#### [DATA TO USE]
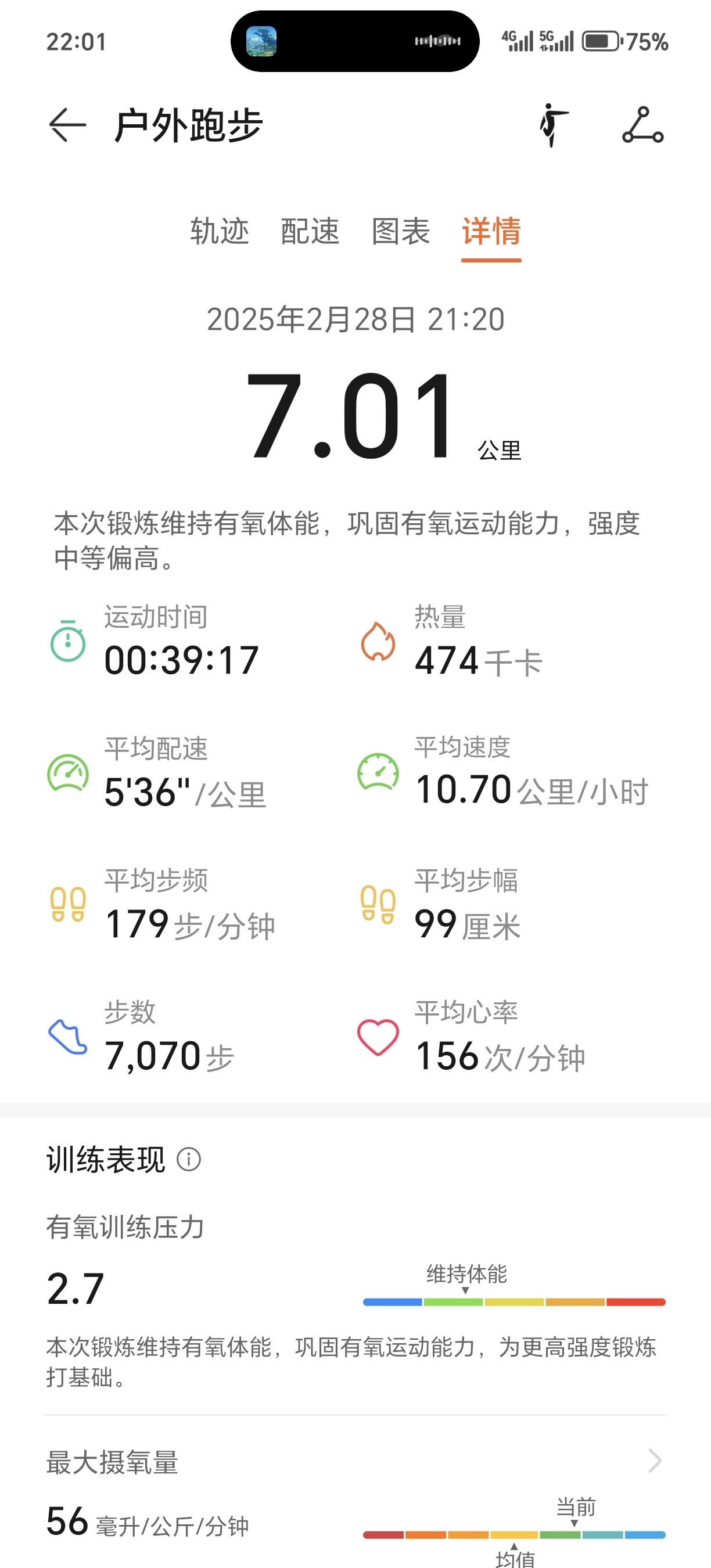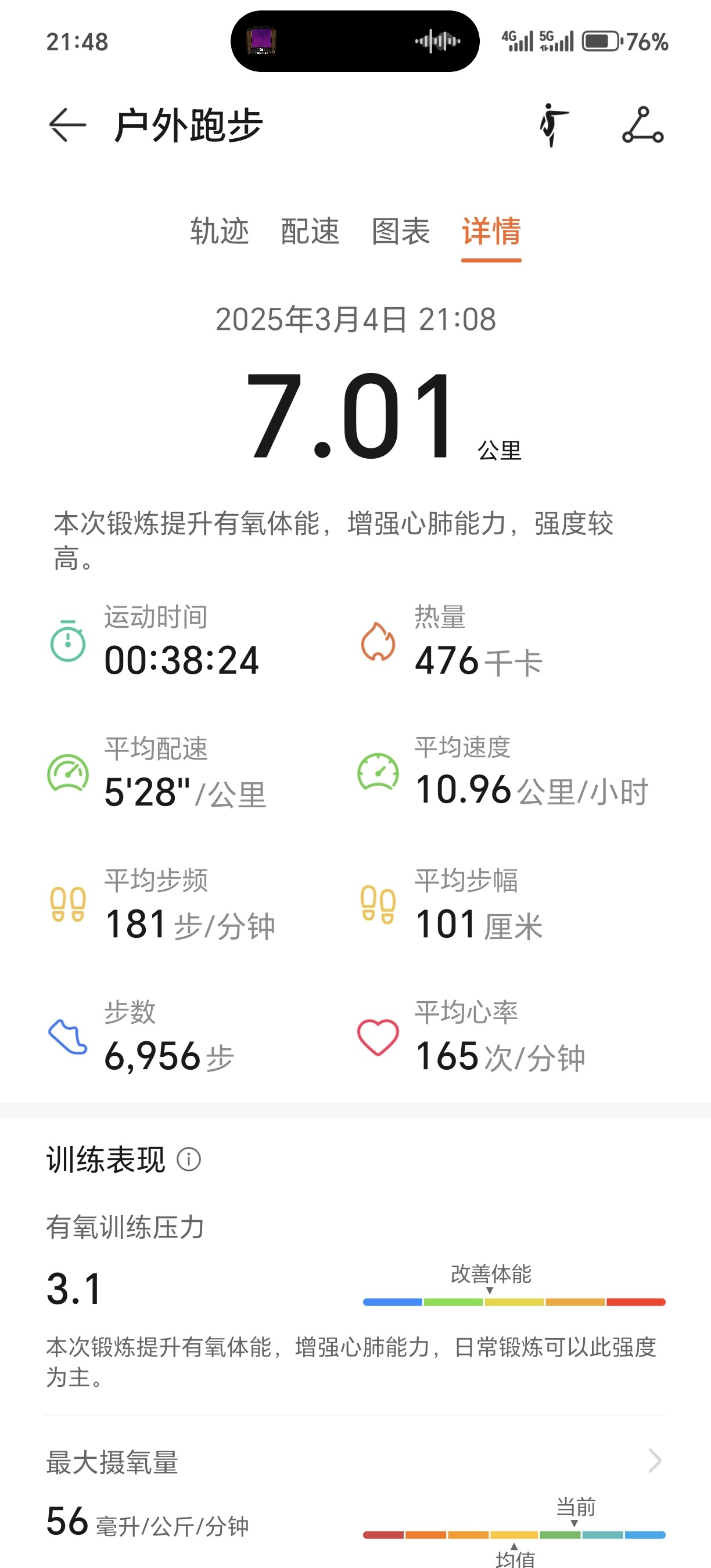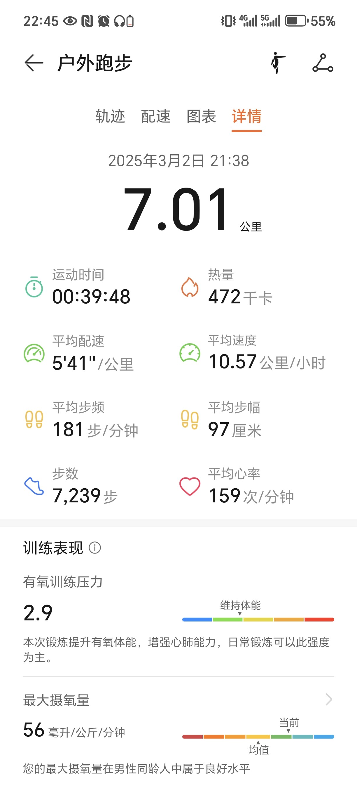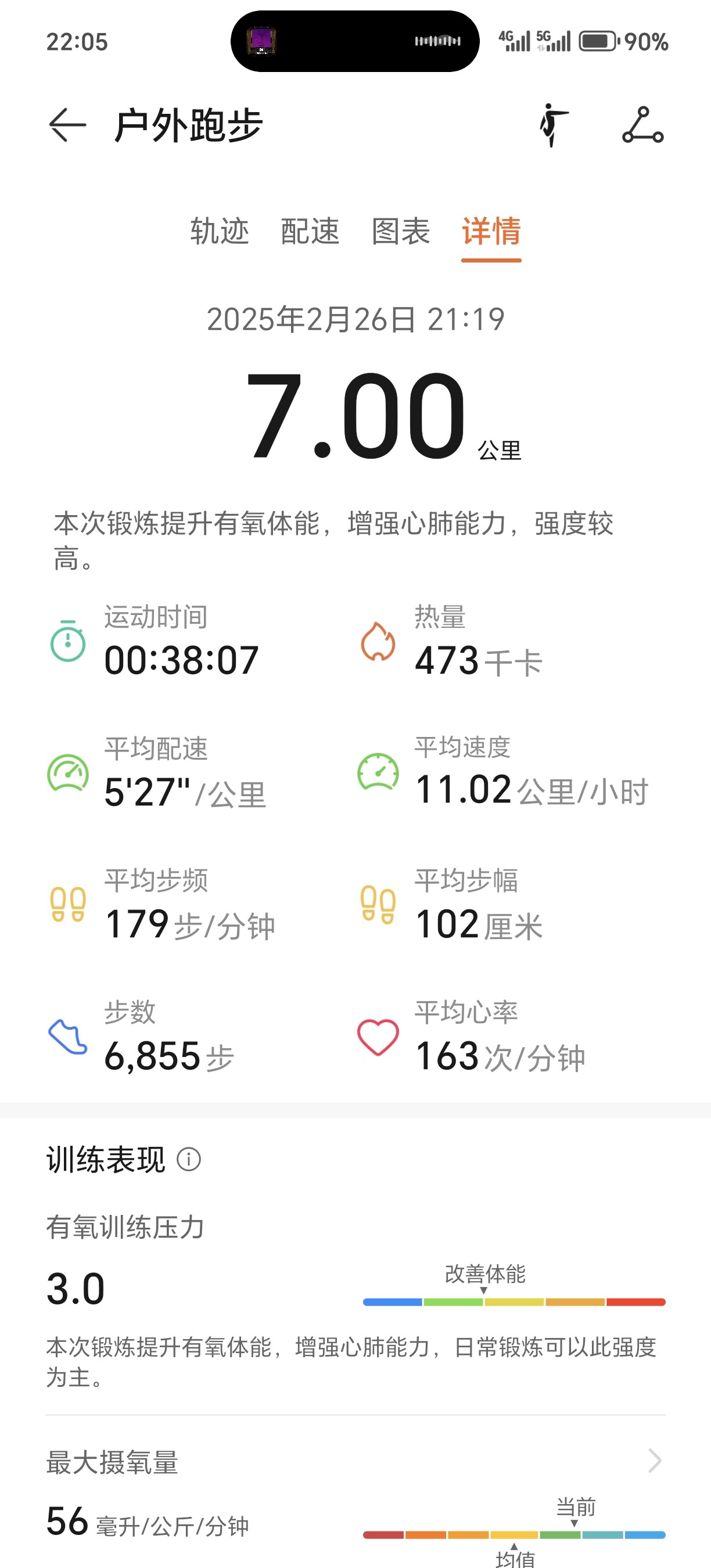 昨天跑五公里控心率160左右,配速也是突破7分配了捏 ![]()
==
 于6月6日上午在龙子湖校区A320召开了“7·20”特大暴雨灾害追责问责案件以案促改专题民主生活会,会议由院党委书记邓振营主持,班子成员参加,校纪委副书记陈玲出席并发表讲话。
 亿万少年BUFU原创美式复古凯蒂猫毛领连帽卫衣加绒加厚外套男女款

#### [WORK TO BE COMPLETED]
Of the entries listed above, reproduce only the lines starting at the line containing "于6月6日上午在龙子湖校区A" and ending at the line containing "亿万少年BUFU原创美式复古凯蒂猫毛领连帽卫衣加绒加厚外套男女款". Include both, exactly as they stand.

#### [YOUR RESPONSE]
 于6月6日上午在龙子湖校区A320召开了“7·20”特大暴雨灾害追责问责案件以案促改专题民主生活会,会议由院党委书记邓振营主持,班子成员参加,校纪委副书记陈玲出席并发表讲话。
 亿万少年BUFU原创美式复古凯蒂猫毛领连帽卫衣加绒加厚外套男女款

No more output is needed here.